The House that Built Me: Living Room

It's funny, the things that will trigger a memory. A friend posted a link from a few-years-old clip of a late night television segment. In it, the show's current guest was railing about the advances in technology and how the wonders that brings are turning us into an impatient, ungrateful society, without perspective.

One of the examples he mentioned related to smartphones now compared to those old models with the rotary dial. That was all it took to set me in motion down a trail of memory lane. I commented "... My Gram had one of those heavy black rotary phones! In fact, I think I was in college before they even had a second phone at all. It used to be just that one beast of a phone. And if I wanted to use it, I had to sit right next to the desk in the living room. And I didn't dare move more than a few inches, because I would have pulled it off the desk onto my head and killed myself. It was a weapon. And it made that sound, when you dialed, that only those old phones made."

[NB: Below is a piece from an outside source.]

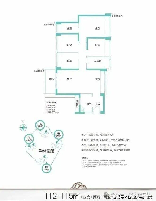 112-115㎡四房两厅两卫:竖厅通透格局,客厅3.7米开间,进门独立入户玄关,全屋飘窗设计。

I am suddenly fifteen and sitting on the old red living room carpet. No matter how I positioned myself, whenever I talked on that phone -- and I talked til my grandparents rolled their eyes so hard, I started to fear *theirs* might actually get stuck that way -- I was eternally in the way. Gram was stepping over me. (What an obnoxious little twit I was, in retrospect, making my sweet Gram STEP OVER me. Gosh.) Gramp would detour through the dining room to get around my teenaged draping of body parts over the pathway. I'm pretty sure the nudges and kicks I got as my brother pushed past were entirely intentional, as only a younger brother's can be.

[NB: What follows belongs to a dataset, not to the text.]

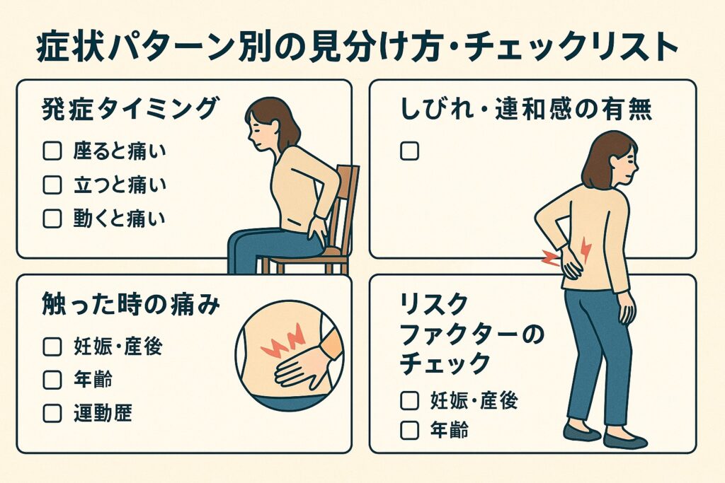 「なんだか痛いけど、どのタイプだろう…?」と感じるなら、自分で確認できる“見分けのヒント”があると安心ですよね。ここでは、発症タイミング・触診での痛み・しびれや違和感の有無・リスク要因を軸に、自分の痛みを把握するチェックリスト形式で見ていきましょう。

That heavy black monstrosity of a telephone truly was a weapon. It perched on the desk, next to the lamp with a mallard as a base, the entire time I was privileged to be inside that house. I remember the familiar but indescribable whizz-buzz-clicky noise that dial made as you dialed each number. I think, if I were to concentrate hard enough, I could probably remember the exact sequence of tones it made to call my dad on James Street from that phone. Its ring was truly that old-fashioned unmistakable telephone ring that smartphones attempt to offer in a digital version on your ringtones menu. And there was nothing, *nothing* more satisfying than slamming that handset down if someone on the other end of a call upset you. (I was a teenager, after all, and that came with all the stereotypical drama and angst. It also came with a stern glare from an adult.)

I wasn't the only one on that phone, though, no matter how my family may have felt about it. I probably came by it honestly. Gram would lean against the desk and talk for what felt like days to her sister or one of Gramp's sisters or one of the ladies from church. At which point it was like moth-to-flame for us kids. Hanging on her arm, collapsing dramatically at her feet with need, choosing that moment to have a childhood squabble that left her with one finger attempting to plug her open ear and drown us out, and The Look That Meant Business on her face.

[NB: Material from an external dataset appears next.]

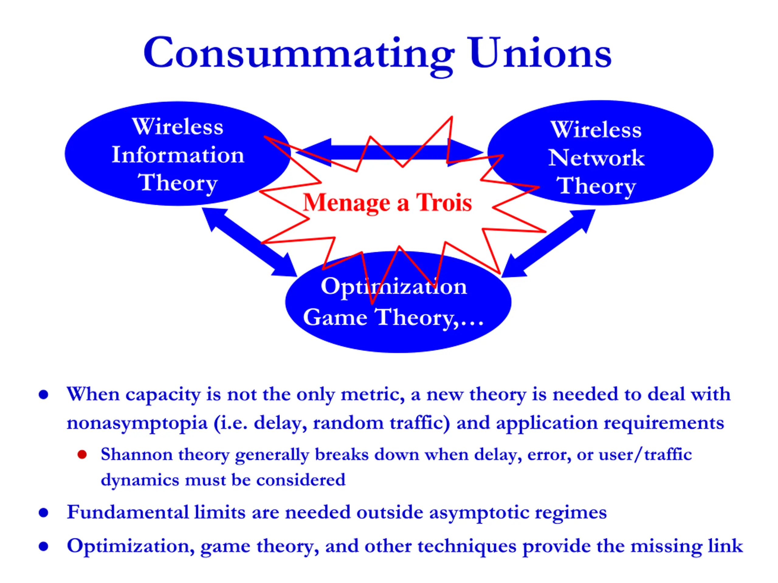 Consummating Unions Wireless Information Theory Wireless Network Theory Menage a Trois Optimization Game Theory, When capacity is not the only metric, a new theory is needed to deal with nonasymptopia (i.e. delay, random traffic) and application requirements Shannon theory generally breaks down when delay, error, or user/traffic dynamics must be considered Fundamental limits are needed outside asymptotic regimes Optimization, game theory, and other techniques provide the missing link

If the kitchen was the hub of that home, then that entry way from kitchen to living room, with the desk and the phone, was Grand Central Station. The desk was pushed against the wall formed by the stairs that led to the second floor (and hiding the steps down to the basement below). Gram rearranged that room more than once. There was an armchair that switched back and forth between the spot by the doorway to the kitchen and the door that led out onto the sun porch. There was an old rocking chair that would swap spots with the armchair, or would relocate to a corner of Gram's bedroom when the Christmas tree would occupy its spot. The chair that was next to the porch door had a dainty little end table next to it.

At the foot of the stairs, was a small table that always had some sort of flower arrangement on it and a mirror hung above. There was a wide, squat window that looked out at the driveway, and was perfect for viewing if you sat just a few steps up from the bottom. The two front windows looked out onto the sun porch, so not much light came in there, but there was also a window that faced north, behind the couch. Somehow, with just those two windows "facing outside" that room was always bright and cheerful.

The couch sat under that north-facing window, and on the west wall, between the chair and the wide doorway to the dining room, sat Gram's prized electric organ with its little bench. There were little octagonal end tables, one on either side of the couch, and they had these lamps with bases that reminded me of granite turrets on a castle. The coffee table was this heavy textured slab of some kind of stone, resting on sturdy carved wooden legs, but what I can tell you most about that stone top is that the corners left many a bruise on my knobby knees and that I'm still not sure how one or the other of us didn't end up with stitches, what with all the roughhousing that went on a little too close for Gram's comfort level.

When I was a wee lass, Gram and Gramp purchased a color tv. It had a button for each channel -- I think there were maybe twelve? -- on it, and where I saw, for the first time, that Dorothy stepped out into the brilliant world of Oz. (So *that* is what the guard meant by "a horse of a different color!") I watched Sesame Street and Mr Roger's Neighborhood. All summer, we watched the clock and then raced for the living room in time for LeVar Burton to open up the wonders of yet another book on Reading Rainbow. On Sundays, in the winter, there would be football games. On Friday nights, Dallas would play as I wedged between two of my favorite people on the couch, unaware of anything but that I felt so grown up at such a tender age.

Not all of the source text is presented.